Солнце светило в распахнутые окна И сладковатый запах цветов и зелени, густо росших внизу под окнами, вмещался в комнату, как земляника в лукошко, – нежно, медленно, ароматно. Мама часто ездила в лес за земляникой, за грибами. Брала меня с собой всегда, когда я была маленькой: оставлять дома было не с кем. Мы уезжали ранней электричкой, на самой зорьке. И попутчики наши тоже были с плетеными корзинами-лукошками, одеты в старые мятые одежды. Я любила садиться у окошка, глядеть сквозь стекло на простор, то лениво разворачивающийся долгим, блестящим от росы полем, то вдруг врезавшийся в память сонными, загадочными домишками.

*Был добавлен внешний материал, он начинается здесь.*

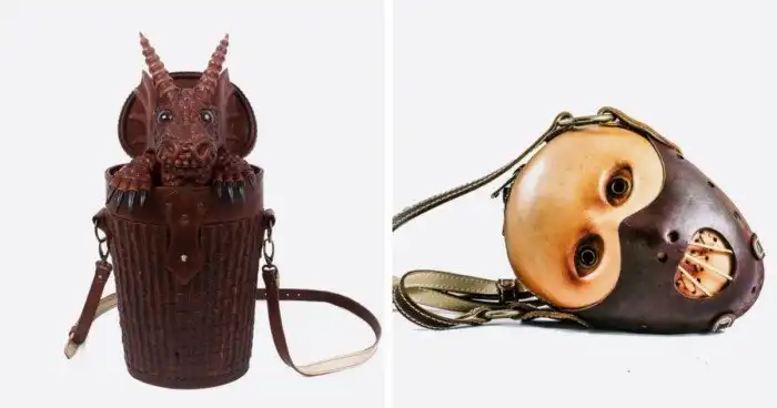 Бренд PEPFER далеко не единственный, кто любит оригинальничать и придумывать интересные дизайны для сумок. Ниже вы можете посмотреть, какие ещё шедевры можно встретить на модных подиумах и в частных мастерских.
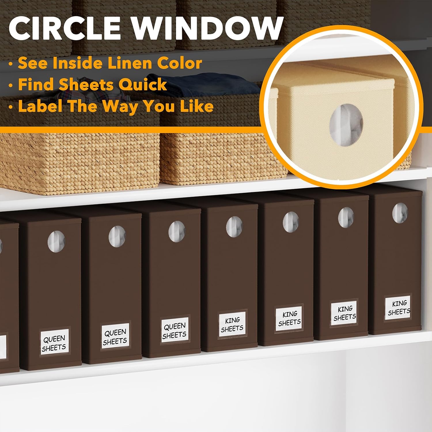 - BROWN SHEET ORGANIZERS 8 PACK - Make your linen closet organized and beautiful with this foldable bed sheet fabric organizer; Each Storage Organizer SIZE: 5"W x 15"D x 12.8"H
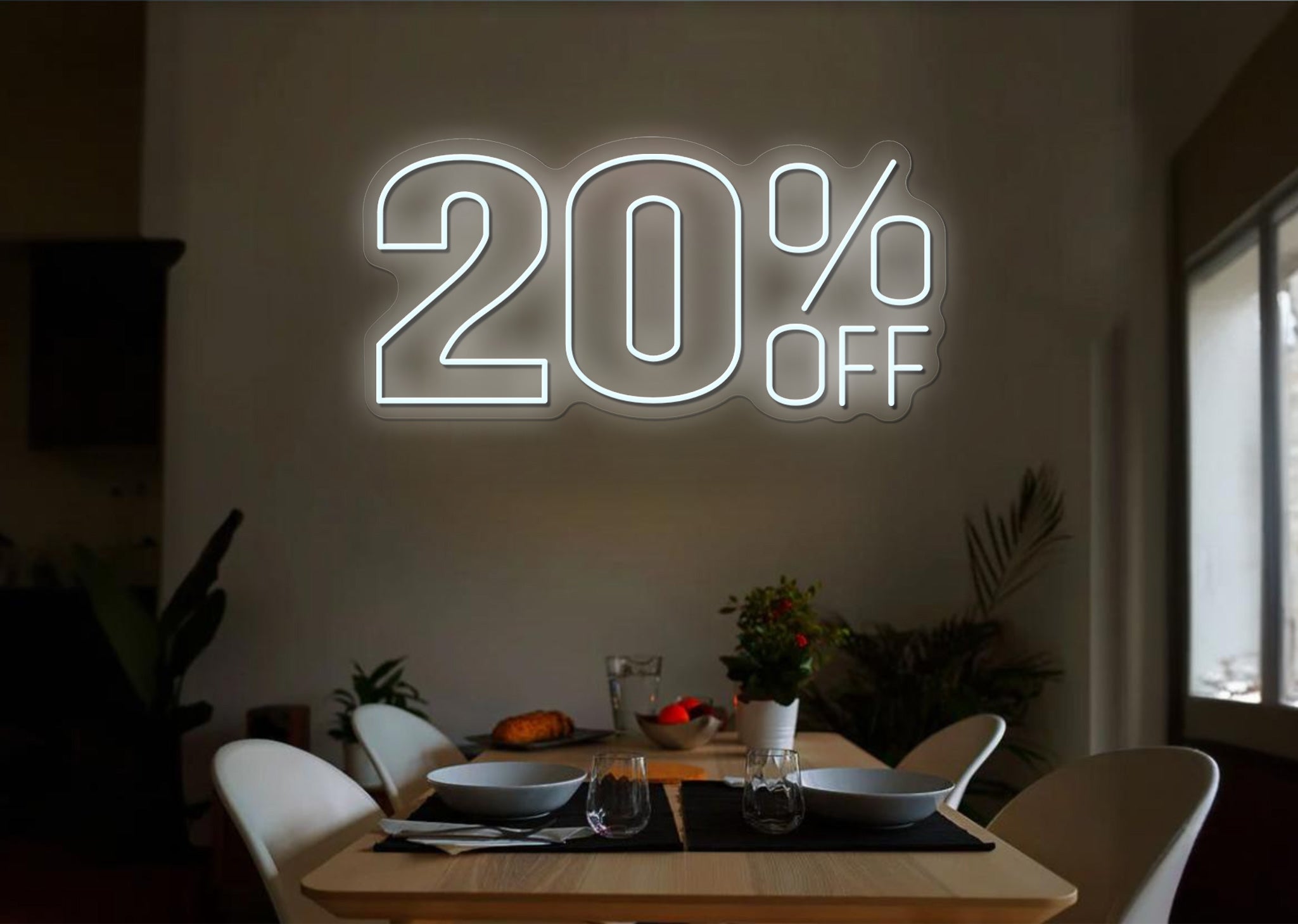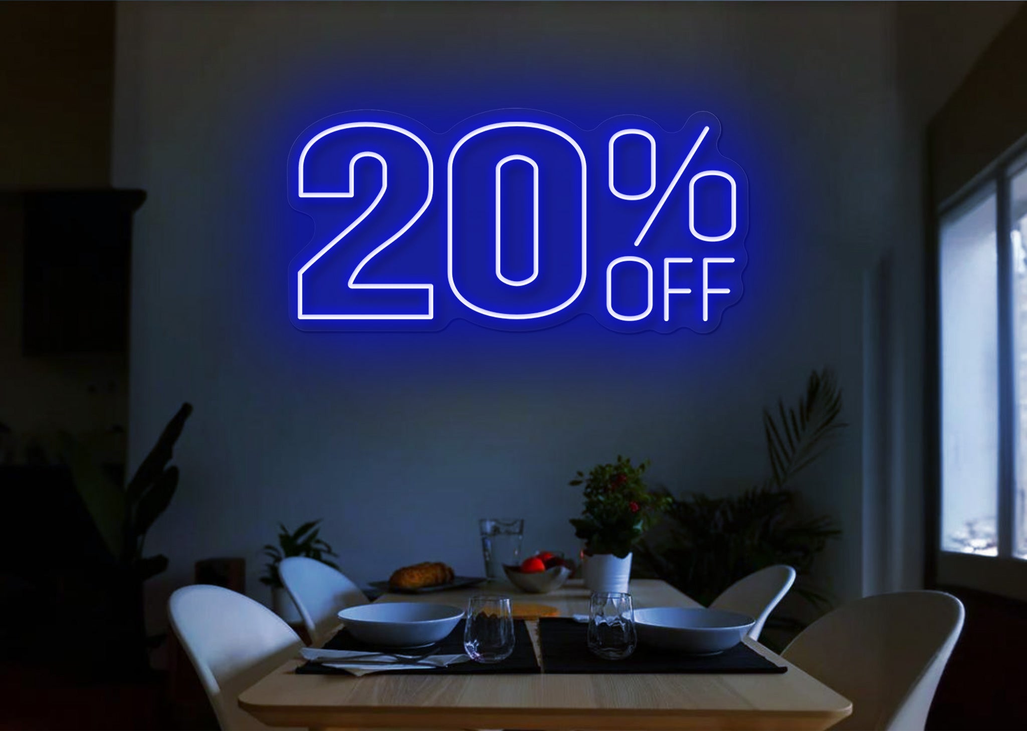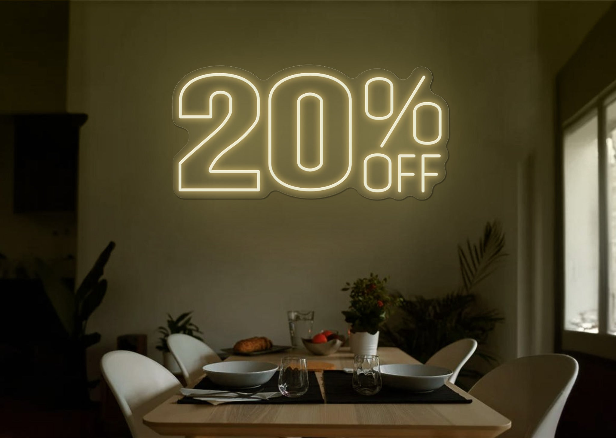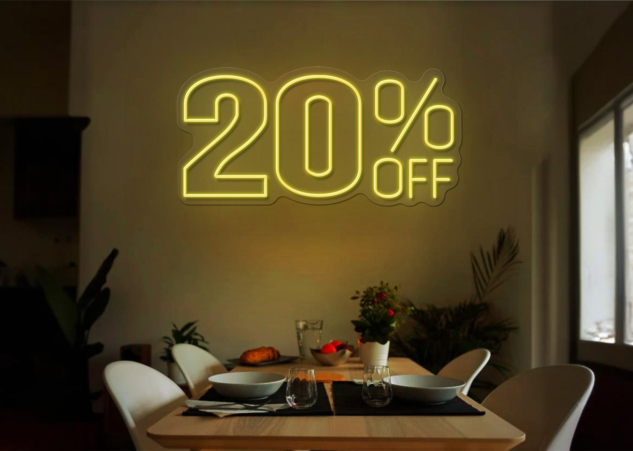 Draw customers in with the enticing "20% Off" LED Neon Sign—a must-have for any store, café, or retail space looking to boost visibility and celebrate sales in style. This vibrant neon sign casts a bright, energy-efficient glow, capturing attention and enhancing your space with a fun, modern touch. Perfect for pop-up shops, seasonal promotions, or exclusive events, the "20% Off" LED Neon Sign is designed to communicate your discount with maximum impact.

Выходили на какой-нибудь тихой платформе. Шли по тропинке, где рос бурьян. Земля под ногами была ласковая. Воздух свежий. Запахи незнакомые. Где-то за кустами мычали коровы, где-то далеко кукарекали петухи, а навстречу обязательно попадалась телега, запряженная покорной, равнодушной ко всему лошадью.
Ни в какие другие дни я не видела таких счастливых глаз у мамы. Мне надо было бы сказать: зачем жить в больших городах, где всегда пахнет пылью и бензином, где не голосят петухи, а дребезжат трамваи, где травы подстрижены под ежик, словно обыкновенные волосы.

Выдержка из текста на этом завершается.